Metadata-Version: 2.1
Name: pythontrie
Version: 0.2
Summary: General Purpose Trie Data Structure in Python
Home-page: https://github.com/pranavgupta1234/pythontrie
Author: Pranav Gupta
Author-email: pranavgupta4321@gmail.com
License: Apache Software License
Platform: UNKNOWN
Classifier: Intended Audience :: Developers
Classifier: Topic :: Software Development :: Build Tools
Classifier: License :: OSI Approved :: Apache Software License
Classifier: Programming Language :: Python :: 3.6
Classifier: Programming Language :: Python :: 3.7
Description-Content-Type: text/markdown

pythontrie : Python Implementation of Trie Data Structure
==========================

[![image](https://travis-ci.org/pranavgupta1234/pythontrie.svg?branch=master)](https://github.com/pranavgupta1234/ptrie/issues)
[![License](https://img.shields.io/badge/License-Apache%202.0-blue.svg)](https://opensource.org/licenses/Apache-2.0)
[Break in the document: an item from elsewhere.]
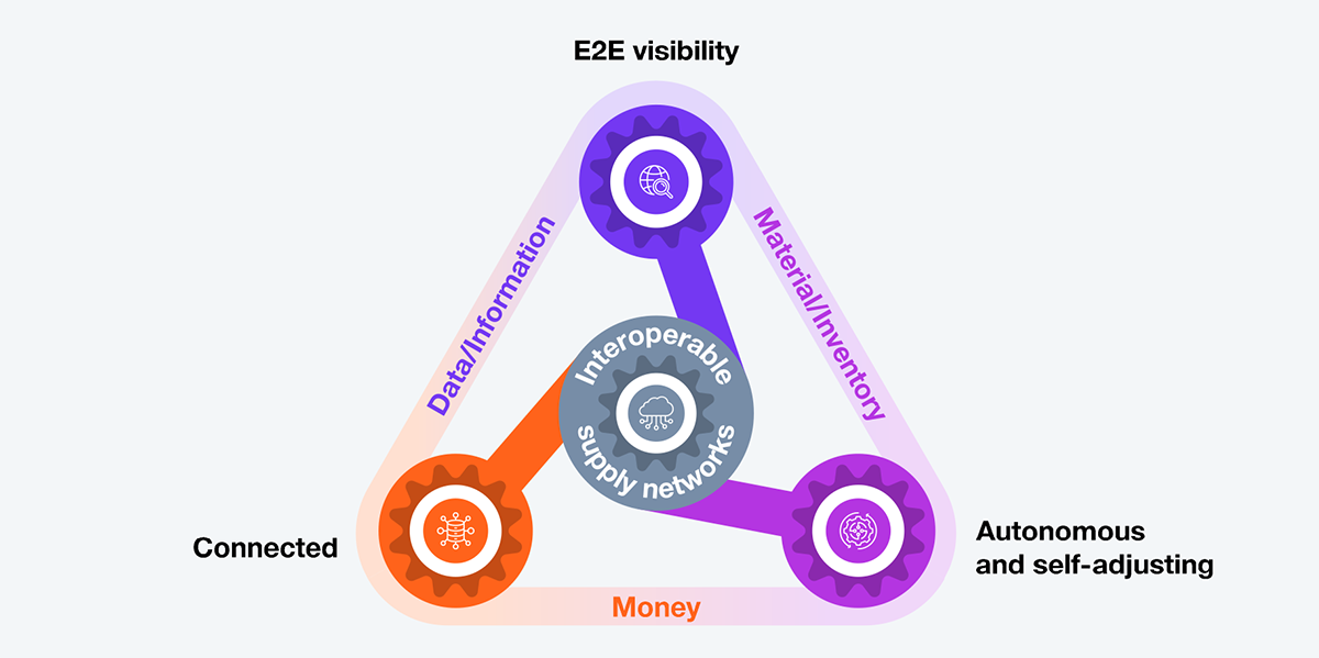 - Autonomous and self-adjusting to orchestrate change faster than disruption. Interoperability peaks when the network self-corrects. A change in one node, such as an order, payment, or quality alert, automatically triggers synchronized actions across the ecosystem. The goal is not automation for efficiency, but autonomy for resilience where supply engines can sense, decide, and act without waiting for permission.

![image](https://github.com/pranavgupta1234/ptrie/blob/master/img/trie.jpg)

pythontrie includes sweet implementation of our favourite data structure trie in python.

Usage:
------

``` {.sourceCode .python}
>>> from pythontrie import trie
>>> sample_trie = trie()
>>> sample_strings = ['heyy', 'heyay', 'heyey', 'hyyy', 'yoyo', 'heeyy', 'hoeyy']
>>> for sample_string in sample_strings:
>>>     sample_trie.insert(sample_string)
```

Then printing suggestions is as simple as:

```
>>> print(sample_trie.suggestions(prefix='he')
['heyy', heyay', heyey', 'heeyy']

```


Current Features
---------------

- Adding arbitrary strings into trie
- Searching for suggestion using prefix
- Search whether any string is present in trie or not

pythontrie right now supports all python versions

Installation
------------

To install pythontrie, simply use all time favorite pip and type :

``` {.sourceCode .bash}
$ pip install pythontrie
✨🍰✨
```

Documentation
-------------
Coming Soon.


How to Contribute
-----------------

1.  Initial plan is to integrate all necessary functionality that trie can offer into this library so that it can act as 
    one place shot for everyone who is playing with trie.
2.  Please propose and feel free to raise an issue and submit a PR for some sensible feature. Try to elaborate the
    the area where this feature would be applicable so that all of us can be enlightened :).
3.  I am planning to integrate research work done on tries into this library as well so that it can provide advanced functionalities
    with tight algorithmic complexity bounds. Please feel free to share any paper.